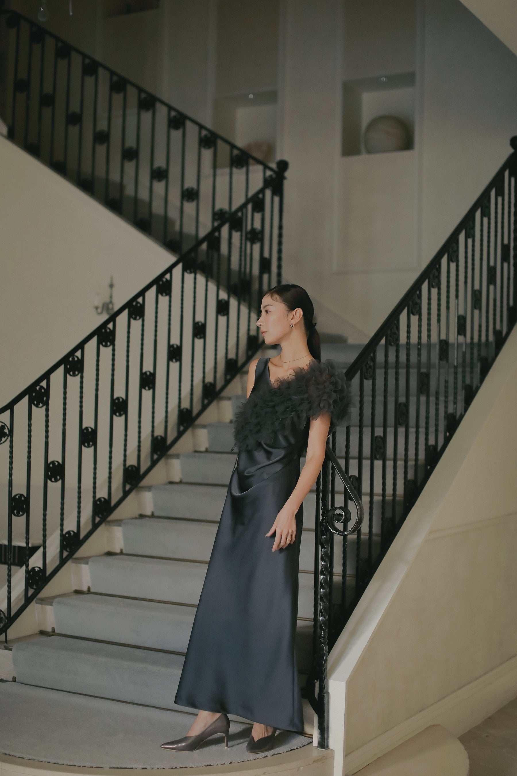 繊細なチュールとサテンの上品な艶が、大人の心をときめかせるキャミソールドレス。
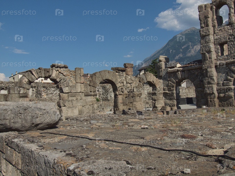 Руины римского театра в Италии Аост
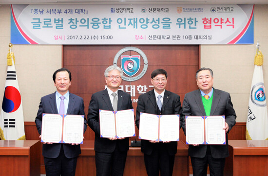 [대학저널 유제민 기자] 선문대학교(총장 황선조), 상명대학교(총장 구기헌), 코리아텍(한국기술교육대학교. 총장 김기영), 한서대학교(총장 함기선)가 22일 선문대 본관 대회의실에서 '글로벌 창의융합 인재양성'을 위한 협약을 체결했다.
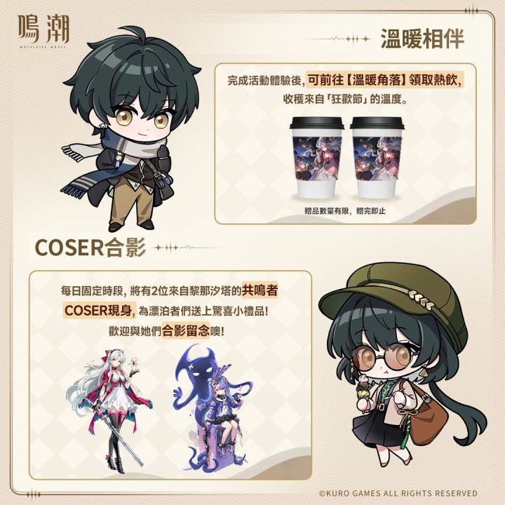 -每日固定时段,将有2位黎那汐塔的共鸣者Coser(cos珂莱塔、洛可可)现身,为漂泊者们送上小礼品,与她们合影留念~
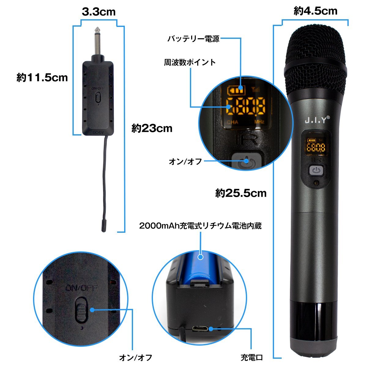 【送料無料】ワイヤレスマイク ハンドマイク 無線 コードレス プロフェッショナル マイク カラオケ グレー 6.5mm 3.5mm アダプター 街宣
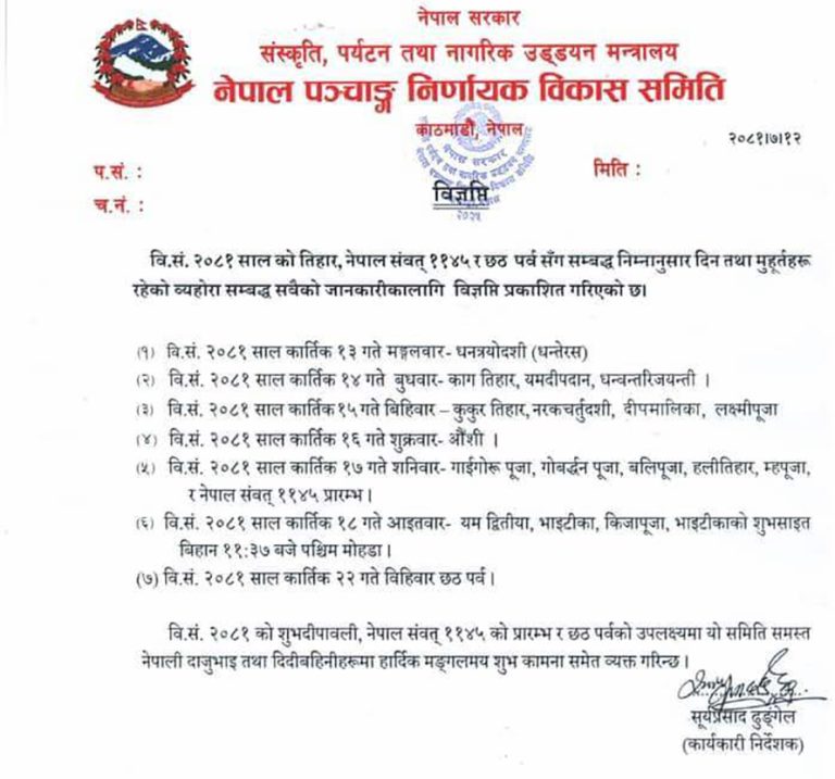 १४ गते काग तिहार, १५ गते कुकर तिहार परेको छ । त्यही दिन साँझ लक्ष्मीपूजा हुनेछ । १६ गते औंशी छ भने १७ गते शनिबार गाई गोरु तिहार परेको पाञ्चाङ्ग निर्णायक समितिले बताएको छ ।
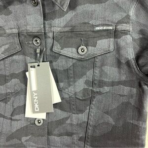 DKNY Women’s Black Camouflage Denim Jacket Size Small. New With Tags! Collar style with 5 buttons, functional chest pockets, long sleeves medium weight, smoke free home
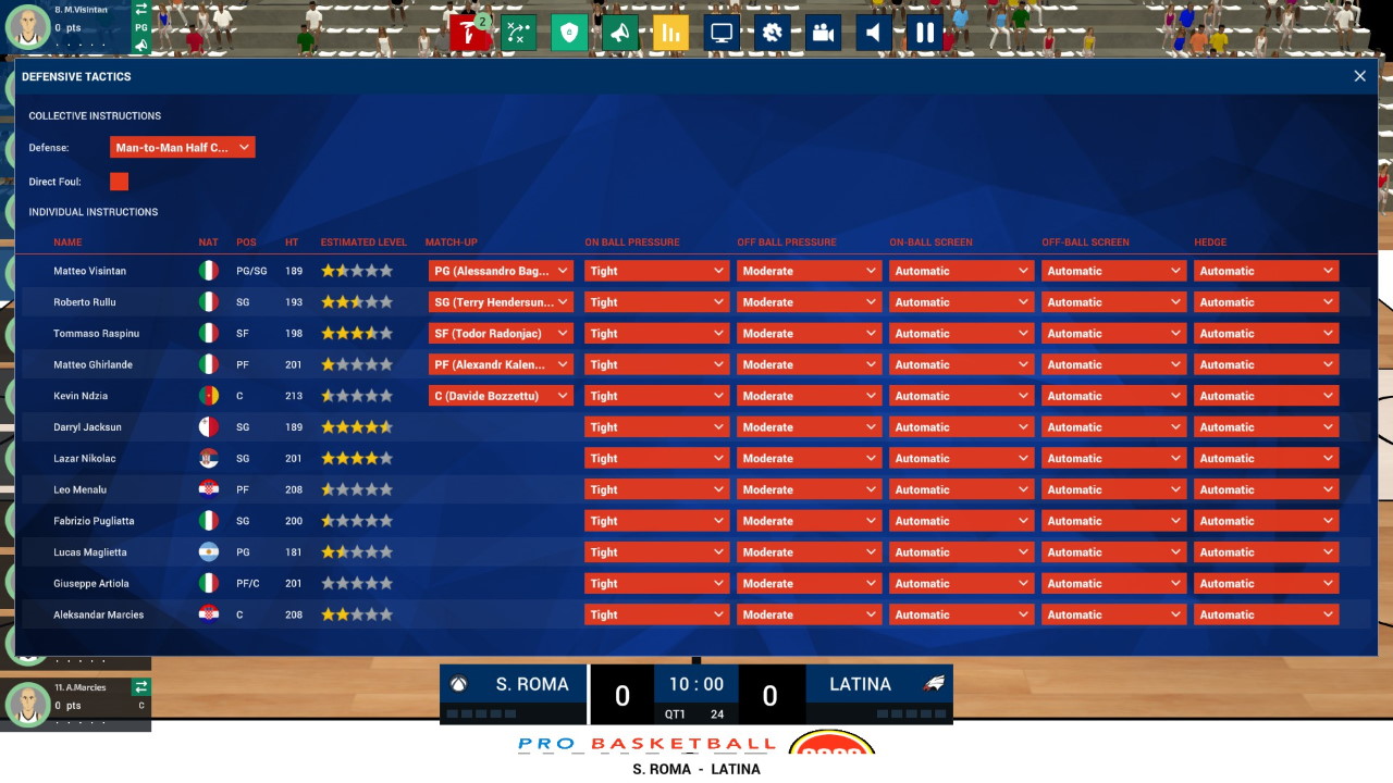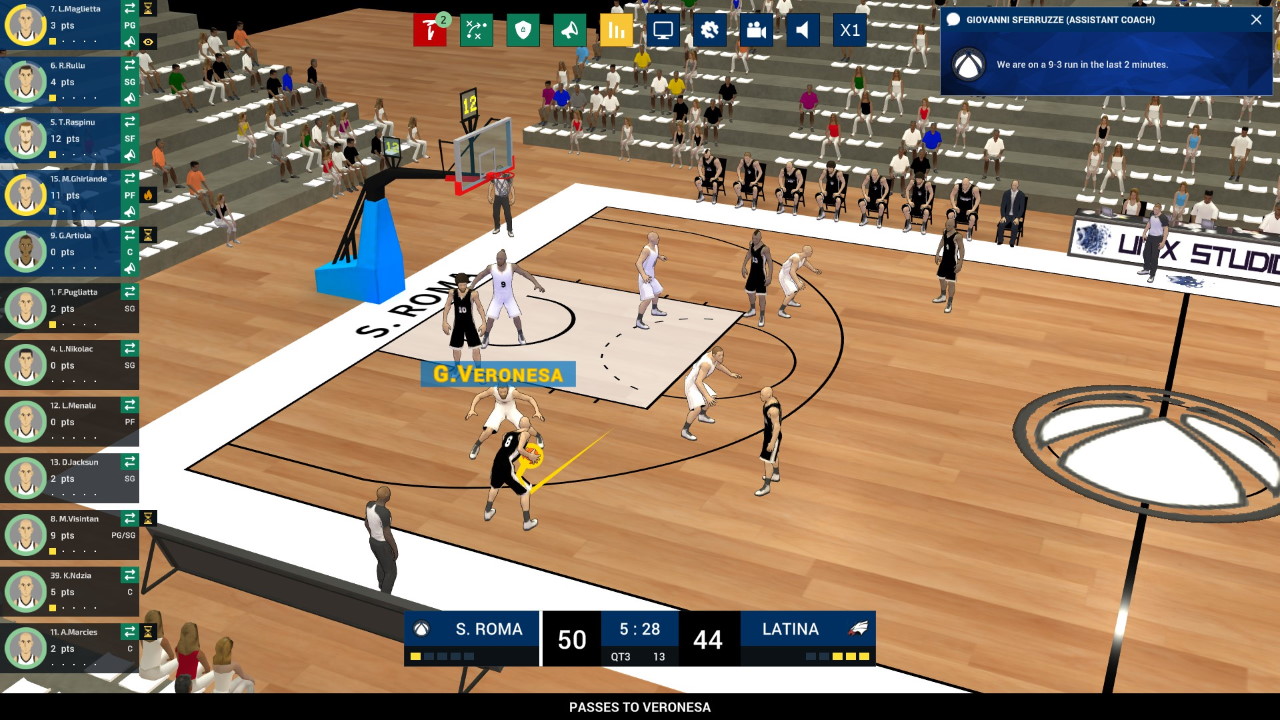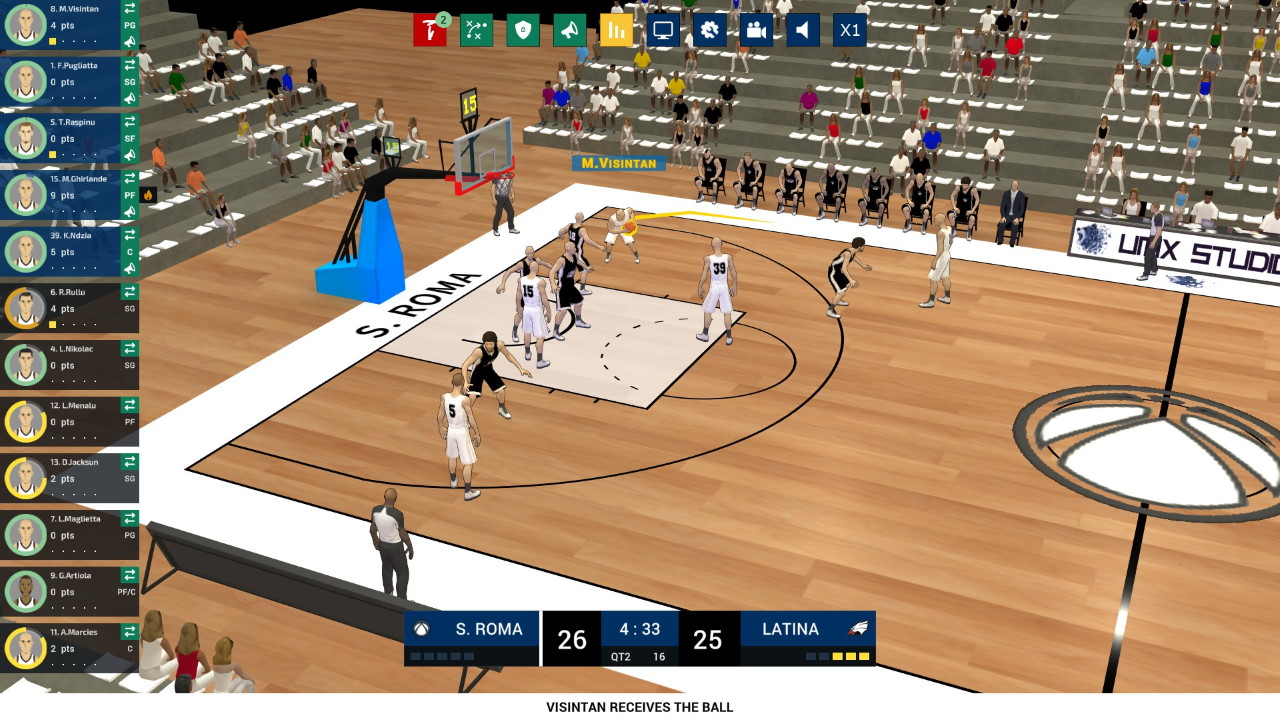 Durante la partita possiamo chiamare schemi, dare ordini individuali o di squadra; possiamo ovviamente vedere statistiche e punteggi, anche se pure stavolta i dati potevano essere presentati molto meglio, a partire dalle statistiche individuali e di squadra e dal quintetto in campo per gli avversari.

*Description of the task*: Although the entries contain pictures, copy everything else in them exactly.

*Solution to this problem*:
 繊細なチュールとサテンの上品な艶が、大人の心をときめかせるキャミソールドレス。
 Руины римского театра в Италии Аост
 [대학저널 유제민 기자] 선문대학교(총장 황선조), 상명대학교(총장 구기헌), 코리아텍(한국기술교육대학교. 총장 김기영), 한서대학교(총장 함기선)가 22일 선문대 본관 대회의실에서 '글로벌 창의융합 인재양성'을 위한 협약을 체결했다.
 -每日固定时段,将有2位黎那汐塔的共鸣者Coser(cos珂莱塔、洛可可)现身,为漂泊者们送上小礼品,与她们合影留念~
 【送料無料】ワイヤレスマイク ハンドマイク 無線 コードレス プロフェッショナル マイク カラオケ グレー 6.5mm 3.5mm アダプター 街宣
 १४ गते काग तिहार, १५ गते कुकर तिहार परेको छ । त्यही दिन साँझ लक्ष्मीपूजा हुनेछ । १६ गते औंशी छ भने १७ गते शनिबार गाई गोरु तिहार परेको पाञ्चाङ्ग निर्णायक समितिले बताएको छ ।
 DKNY Women’s Black Camouflage Denim Jacket Size Small. New With Tags! Collar style with 5 buttons, functional chest pockets, long sleeves medium weight, smoke free home
 Durante la partita possiamo chiamare schemi, dare ordini individuali o di squadra; possiamo ovviamente vedere statistiche e punteggi, anche se pure stavolta i dati potevano essere presentati molto meglio, a partire dalle statistiche individuali e di squadra e dal quintetto in campo per gli avversari.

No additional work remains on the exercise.